Os dados EM (depois pós-processamento) são visualizados usando IMOD, uma processamento de imagens e programa de modelagem. Para obter uma melhor compreensão das informações 3D, reslicing virtual dos dados é usado (figura 4a). Estruturas diferentes do conjunto de dados são segmentadas manualmente (figura 4b-d).

Figura 1: de alta pressão, congelamento, congelar-substituição e processamento assistida por microondas. (a) da amostra portador contendo o rato nervus tibial, escala bar 3 mm. transportadora (b) amostra contendo o rato nervus tibial após alta pressão congelação, escala bar 3 mm. (c) automático congelar substituição (AFS) unidade com amostras. Baixo-relevo: recipiente de metal sob medida para até 23 frascos de amostra e dois frascos grandes que contenham produtos químicos no AFS. (d) amostras sendo removidas do porta-aviões em um prato de vidro em acetona, escala bar 3 mm. (e) amostras em tubos de reação, para ser colocado no microondas para processamento. unidade (f) controle de temperatura e câmara de vácuo do microondas. Clique aqui para ver uma versão maior desta figura.

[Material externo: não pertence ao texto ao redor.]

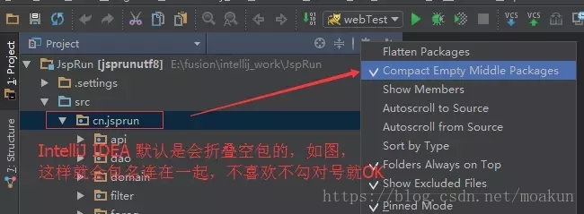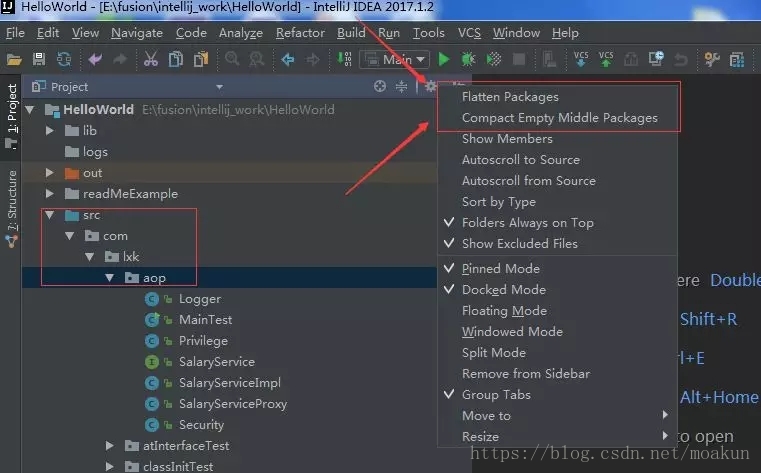 这样子配置,可以很清楚的看到目录的层级结构。但是你要是点了,他就会把空的包直接连在一起,就是com.lxk.aop。。。。等等吧,试一下就知道啦。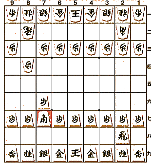 ▲7六歩 ▽8四歩 ▲7七角 (第1図)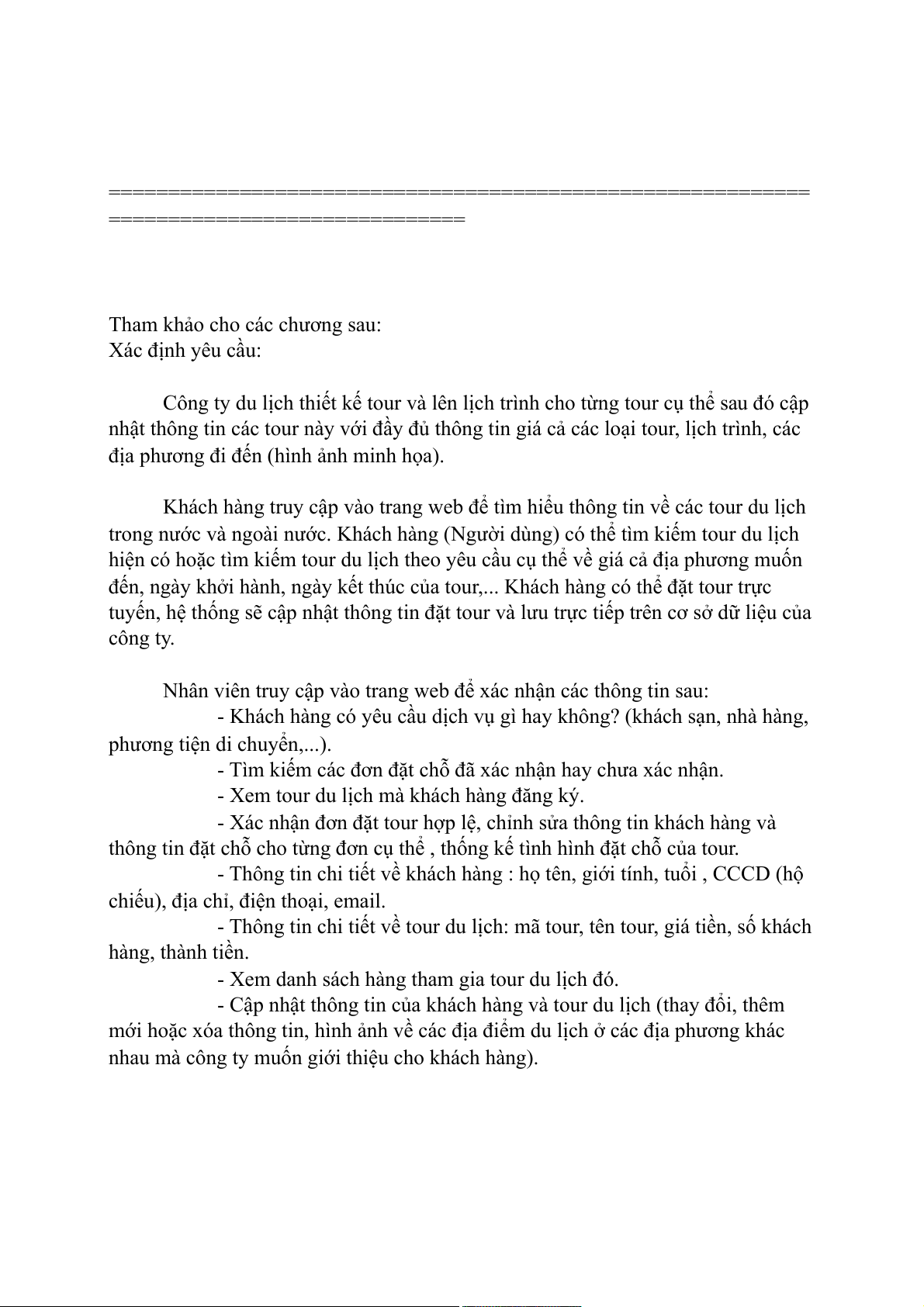 năng quản lý thông tin khách hàng, thông tin tour du lịch, lịch trình tour du lịch và

Figura 2: resina mínima incorporação e preparação para o FIB-SEM. (a) plástico filme e palitos de dentes que são usados para a incorporação mínima de resina, escala bar 4 cm. (b) nervo tibial drenado de resina em cima de filme plástico, escala bar 250 µm. (c) nervo tibial polimerizado em filme plástico, em seguida, cortar e montado sobre o esboço SEM com resina condutiva de prata, escala bar 250 µm. (d) amostras polimerizadas em cima do esboço SEM, escala bar 3 mm. (e) amostras revestidas com ouro sobre o esboço de SEM, escala bar 3 mm. clique aqui para ver uma versão maior desta figura.

Figura 3: preparação da amostra dentro o FIB-SEM. (a e e) Imagem de elétrons secundários dentro o FIB-SEM da amostra de superfície (a) nervo tibial, escala bar 100 µm. (e) c. elegans, escala bar 2 µm. (b-d) e (f-h) secção transversal através de amostra usando o detector de ESB para a imagem latente. (b e c) Nervo tibial, escala bar 2 µm. (f e g) c. elegans, escala bar 1 µm e 200 nm. (b e f) São mostrados os resultados de congelamento de alta pressão e congelamento de substituição sem realce, Considerando que todas as outras imagens mostram resultados da substituição de congelamento reforçada. (d e h) Imagem detalhada da amostra usando o detector do ESB. (d) nervo tibial, escala bar 200 nm. (h) c. elegans, escala bar 200 nm. Clique aqui para ver uma versão maior desta figura.

Figura 4: aquisição e visualização de imagem. (a) dados do EM mostrado no IMOD com virtualmente resliced x / y/z-planos e z - escala bar 2 µm. (b) segmentado axônios EM dados (azuis), Remak bundles (vermelhos), bainhas de mielina (amarelo e laranja), e as mitocôndrias (turquesas), escala bar 2 µm. (c e d) modelo 3D, escala bar 2 µm e 500 nm . Clique aqui para ver uma versão maior desta figura.